A note on methodology: in the previous three posts, all of the statistics were measured with the WIP version of the scene I was working with before it was released. For this one, we’ll switch to the final version, which is slightly more complex.
When rendering the latest Moana island scene, pbrt-v3 uses 81 GB of RAM to store the scene description. Today’s pbrt-next uses 41 GB—about half was much. A handful of changes totaling a few hundred lines of code was enough to get us there.
Smaller Primitives
Recall that in pbrt a Primitive is a combination of a shape, its
material, its emission function (if it’s an area light), and a record of
which participating media are inside and outside its surface. In pbrt-v3,
GeometricPrimitives store:
std::shared_ptr<Shape> shape;
std::shared_ptr<Material> material;
std::shared_ptr<AreaLight> areaLight;
MediumInterface mediumInterface;
As discussed
earlier,
most of the time, areaLight is nullptr, and the MediumInterface holds
a pair of nullptrs.

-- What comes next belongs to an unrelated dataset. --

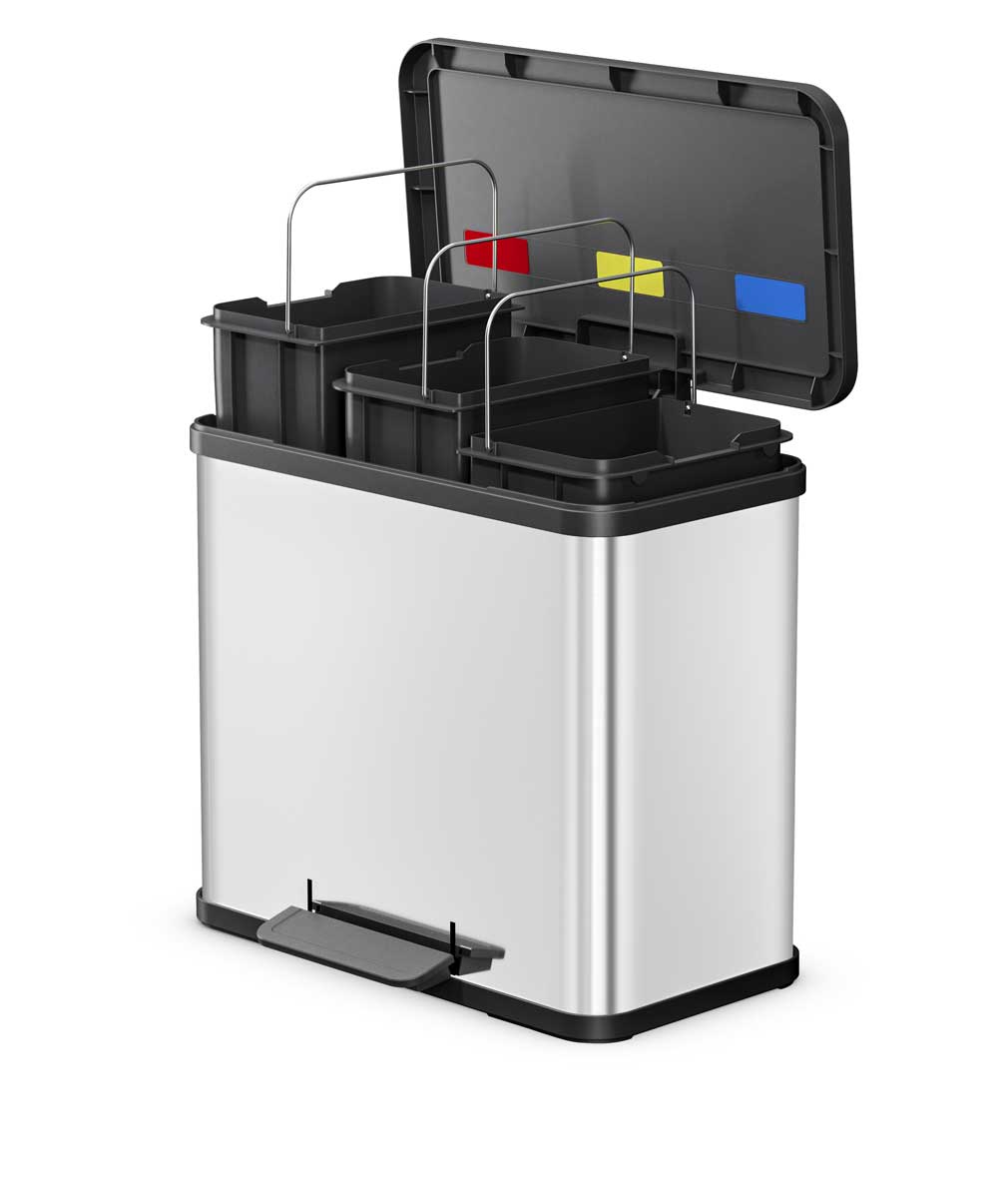 Für alle, die eine freistehende Alternative suchen, ist der HAILO Öko Trio Plus L eine gute Wahl. Drei separate, leicht entnehmbare Inneneimer sorgen dafür, dass Restmüll, Verpackungen und Biomüll hygienisch getrennt gesammelt werden können. Dank der großen Einwurföffnung und des praktischen Deckels, der sich bequem mittels eines Fußpedals öffnen lässt, bleibt die Nutzung komfortabel, während das schlichte Design in jede Küche passt.

Therefore, in pbrt-next I added a SimplePrimitive
variant of Primitive that only stores pointers to a shape and a material.

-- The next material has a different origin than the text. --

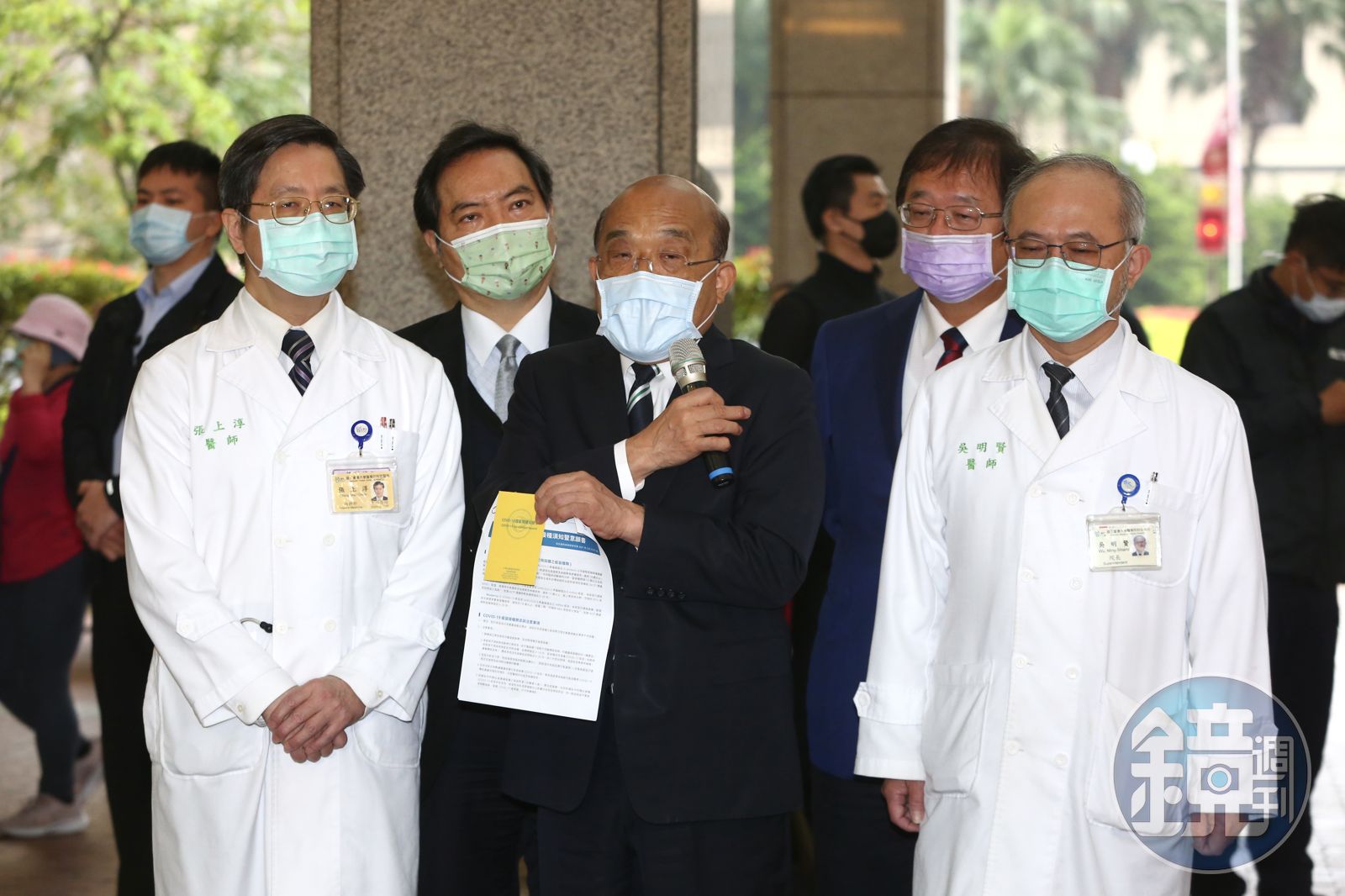 蘇貞昌與陳時中為了讓國人能夠安心接種AZ疫苗,因此今日一早就前往台大醫院施打「全台第一針」,完成接種後,蘇貞昌接受媒體訪問稱,施打完拿到一張卡,讓他在一定時間再去注射第二劑,接種部位於左手臂上,沒有任何疼痛感、身體也無痠痛感,經過30分鐘的休息狀況良好,沒有任何不適、也無發燒。

It is used in place of GeometricPrimitive when possible:
class SimplePrimitive : public Primitive {
// ...
std::shared_ptr<Shape> shape;
std::shared_ptr<Material> material;
};
For non-animated object instances, there’s now TransformedPrimitive,
which just stores a pointer to a primitive and a transformation, saving the
nearly 500 bytes of unneeded
bloat
that an AnimatedTransform instance added to pbrt-v3’s
TransformedPrimitive.
class TransformedPrimitive : public Primitive {
// ...
std::shared_ptr<Primitive> primitive;
std::shared_ptr<Transform> PrimitiveToWorld;
};
(pbrt-next has an AnimatedPrimitive for the case where an animated
transformation is actually needed.)
With these changes, the statistics report 7.8 GB used for Primitives,
down from 28.9 GB in pbrt-v3. Lovely as it is to save 21 GB, that’s not as
much of a reduction as we’d have expected from the back of the envelope
estimate earlier; we’ll come back to that discrepancy at the end of this
post.
Smaller Shapes
Memory used for geometry is also significantly reduced in pbrt-next: space
used for triangle meshes is down from 19.4 GB to 9.9 GB and space used for
curves is down from 1.4 GB to 1.1 GB. A little more than half of this
savings comes from a simplification of the Shape base class.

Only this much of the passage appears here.